Cette révision, prélude peut-être à une amnistie, a aussi des objectifs immédiatement politiques que
Massimo D'Alema n'a pas cachés : « Si nous voulons, à juste titre, que l'histoire du communisme italien ne
soit pas malicieusement réduite à une variante du stalinisme (...) , nous devons commencer à voir dans
l'aventure du catholicisme démocratique et du Parti socialiste italien plus que la longue maturation de
Tangentopoli. » C'est alors qu'il sera « possible de récupérer les passions, les idéaux, les valeurs liés jadis à
des appartenances internationales et à des idéologies fourvoyées ». Un examen impartial de l'histoire
démocrate-chrétienne apparaît comme la condition d'une réflexion honnête des communistes sur leur propre
passé, réflexion collective qui n'a pas vraiment eu lieu en Italie, malgré les diverses phases d'aggiornamento
du PCI.
Entre les appels de Norberto Bobbio et de Massimo D'Alema à reconnaître un passé qui, refoulé, reviendrait
comme un cauchemar, il y a des différences fondamentales. Le vieux philosophe met son passé en ordre au
moment d'approcher, selon son expression, « la ligne d'arrivée ». Le chef des ex-communistes veut préserver
l'image de son parti. Le premier n'hésite pas à ébranler le mythe fondateur de la République ; le second veut
redonner à celle-ci l'éclat qu'elle a perdu. Bobbio pense que l'histoire italienne ne s'écrit pas seulement pour
ou contre le fascisme, D'Alema souhaite reconstituer l'alliance morale des partis laïques et catholiques sur
laquelle s'est établie en 1947 l'Italie moderne.
REMISE EN CAUSE
Leur point commun est de souligner les interrogations que l'histoire pose encore à l'Italie d'aujourd'hui. Le
ciment de l'identité nationale s'est fissuré au cours des dernières années. Après la guerre, cette identité s'était
constituée dans le souvenir de la lutte commune des catholiques démocrates, des communistes, des
socialistes, des libéraux contre le fascisme à l'intérieur et contre l'ennemi de l'extérieur. Le face-à-face de la
Démocratie-chrétienne et du Parti communiste pendant cinquante ans ne l'avait pas entamée.

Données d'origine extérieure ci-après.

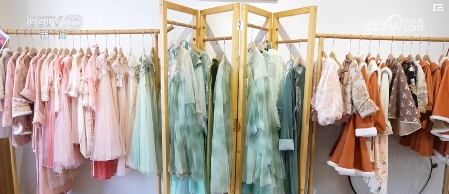 剛開(kāi)始,這家漢服店只100多套衣服,隨著客流增多,服裝也不停地補(bǔ)充,現(xiàn)在已經(jīng)有大幾百套的漢服,全店上下每天從早到晚一直都要忙著招待。隨著客人不斷變多,他們所在街上的其他商家也紛紛開(kāi)起了漢服店。一年之間,這里從曾經(jīng)的汽修一條街,變成了擁有5000多名從業(yè)者的漢服一條街。

La chute du mur de Berlin a remis en cause le partage implicite du pouvoir, libéré des énergies, enlevé sa
raison d'être à la Démocratie-chrétienne en même temps que sa fonction de rempart contre le communisme.
Avec la disparition de la Démocratie-chrétienne, le pacte antifasciste s'est dilué. Les héritiers du mouvement
mussolinien se sont débarrassés de leurs oripeaux les plus voyants pour se transformer avec l'Alliance
nationale en un parti de gouvernement. Un ex-communiste est devenu président du conseil après avoir fait
chauffer la place par un démocrate-chrétien en rupture de ban.
Tous les repères ayant été bouleversés, il n'est pas étonnant que le théoricien de l'antifascisme et de la
responsabilité démocratique confesse la tentation fasciste de sa jeunesse dans un journal proche de
Berlusconi. Norberto Bobbio aurait-il voulu souligner ainsi, par-dessus toutes autres considérations,
l'importance de l'honnêteté intellectuelle que tout le monde lui reconnaît qu'il aurait rendu un grand service.
Ce ne serait pas un si mauvais point de départ pour commencer à reconstruire dans un chaos d'incertitudes.

DANIEL VERNET, Le Monde, 25 novembre 1999.